== Segment start ==

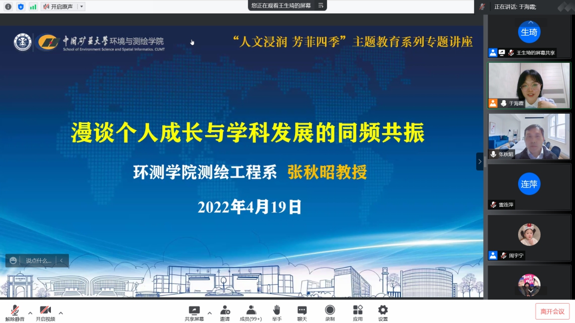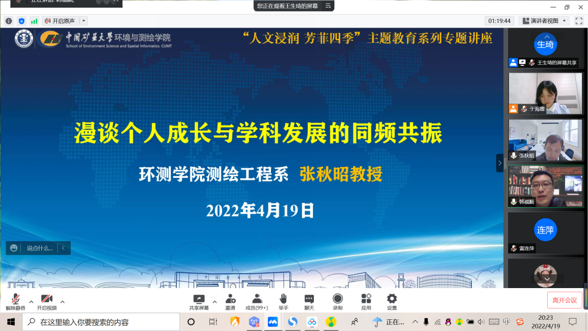 举办了主题为“人文浸润、芳菲四季”的线上教育讲座,讲座邀请了测绘工程系张秋昭教授作“漫谈个人成长与学科发展的同频共振”主题报告。院党委副书记韩福顺,学工办主任于海霞以及2019级学生参加了本次讲座。
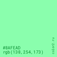Цвет #8AFEAD в цветовой модели RGB обозначается тремя октетами (138, 254, 173) в десятичном формате и #8AFEAD в шестнадцатиричном (hex) формате, которые являются интенсивностью красного 138 (hex 8A), интенсивность зелёного 254 (hex FE) и интенсивность синего 173 (hex AD).
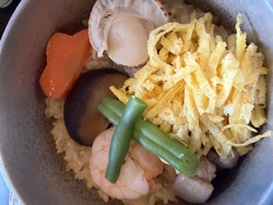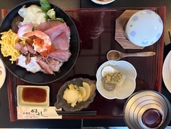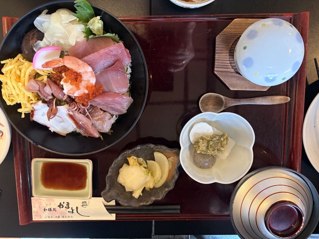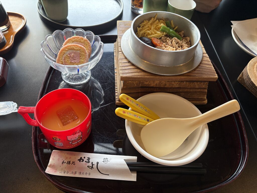 今日は7名で孫の入学内祝いの食事会です。たくさんのメニューに悩んで迷います。どれも美味しそう♪[海鮮丼セット]×3,[鰻丼セット/温蕎麦][国産牛ステーキ御膳][お子様釜飯御膳][お子様めん御膳]…単品メニューから[半熟玉子とカリカリポテトのシーザーサラダ][鶏軟骨唐揚げ][クリスピーポテト][国産牛ステーキ][コーラ]をお願いしました。御膳・セットには小鉢・茶碗蒸し・漬物・汁椀が付きます。(お子様御膳には付きませんがミニデザートとミニドリンクが付きます)[釜飯]の美味しい【かまよし】さんなので言うまでもなく釜飯がめちゃ美味しいです。牛ステーキは自分で焼くスタイル…レアで食べましたが柔らかなお肉でこちらも美味しい。鰻も海鮮丼も美味しかった…とのこと。小鉢には山芋と大根とこんにゃくに[山椒味噌]がのって春ならではの季節を味わうことができました。単品料理も美味しくお腹いっぱいです。ゆったりとまったりと和やかに時間を過ごすことができました。ごちそうさまでした(๑˃̵ᴗ˂̵)
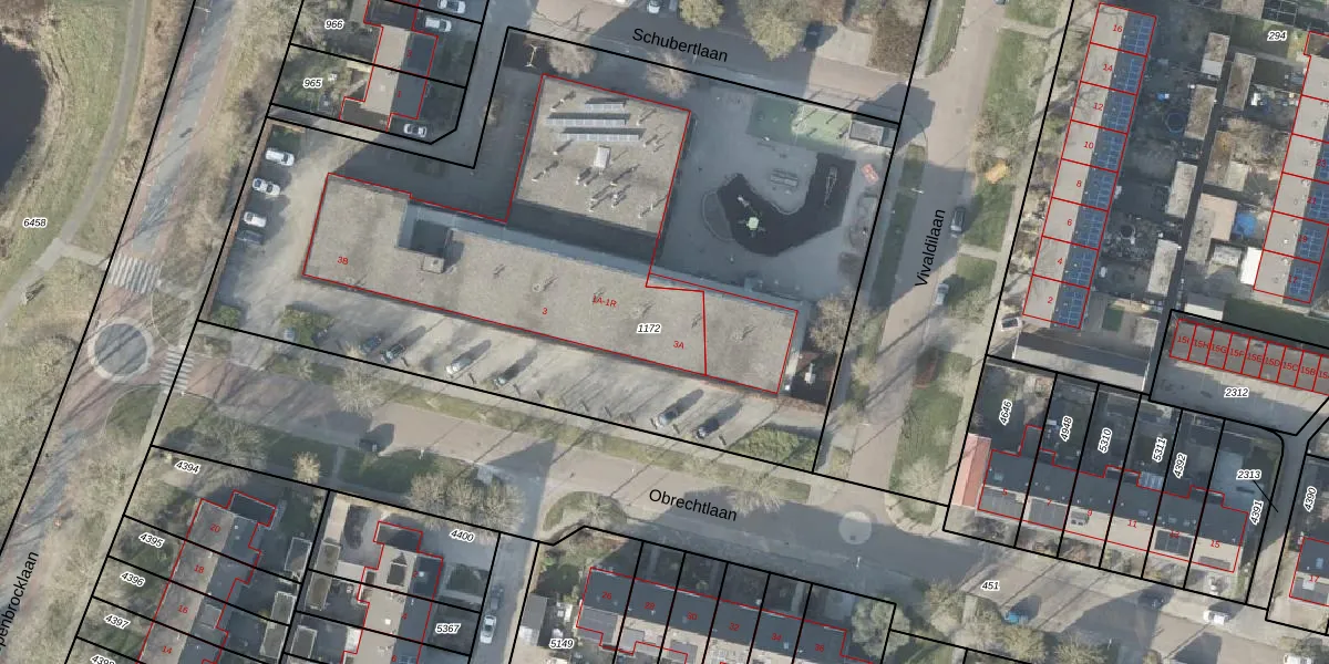 Het perceel waarop Obrechtlaan 1-G staat heeft een oppervlakte van 4351 m². Dit is een zeer groot perceel. De perceeloppervlakte wordt geregistreerd door het Kadaster. Gedetailleerde informatie over de maten van dit perceel kunt u vinden in het rapport Kadastrale kaart met maatvoering van Obrechtlaan 1-G.
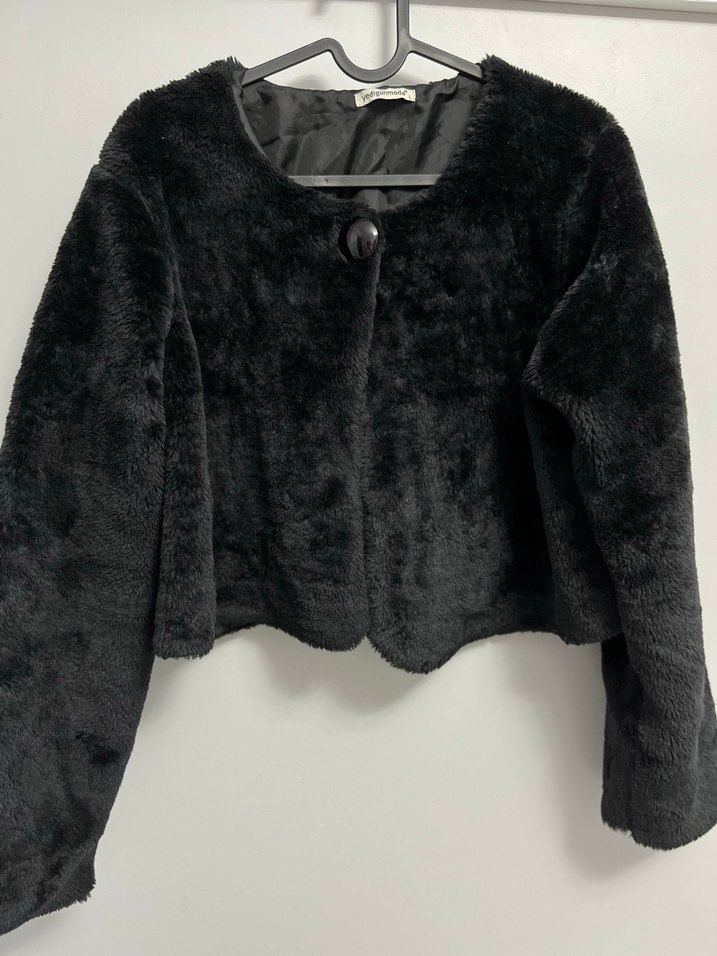 Siyah, kürk detaylı, tek düğmeli, uzun kollu, midi uzunlukta, rahat ve şık kadın ceketi. Ofis için uygun ve desen içermeyen tasarım.

== Segment end ==

Pictures are not part of the copy. Extract exactly the lines from the line containing "Het perceel waarop" through the final line of the entries above, both included.

EXERCISE RESPONSE:
 Het perceel waarop Obrechtlaan 1-G staat heeft een oppervlakte van 4351 m². Dit is een zeer groot perceel. De perceeloppervlakte wordt geregistreerd door het Kadaster. Gedetailleerde informatie over de maten van dit perceel kunt u vinden in het rapport Kadastrale kaart met maatvoering van Obrechtlaan 1-G.
 Siyah, kürk detaylı, tek düğmeli, uzun kollu, midi uzunlukta, rahat ve şık kadın ceketi. Ofis için uygun ve desen içermeyen tasarım.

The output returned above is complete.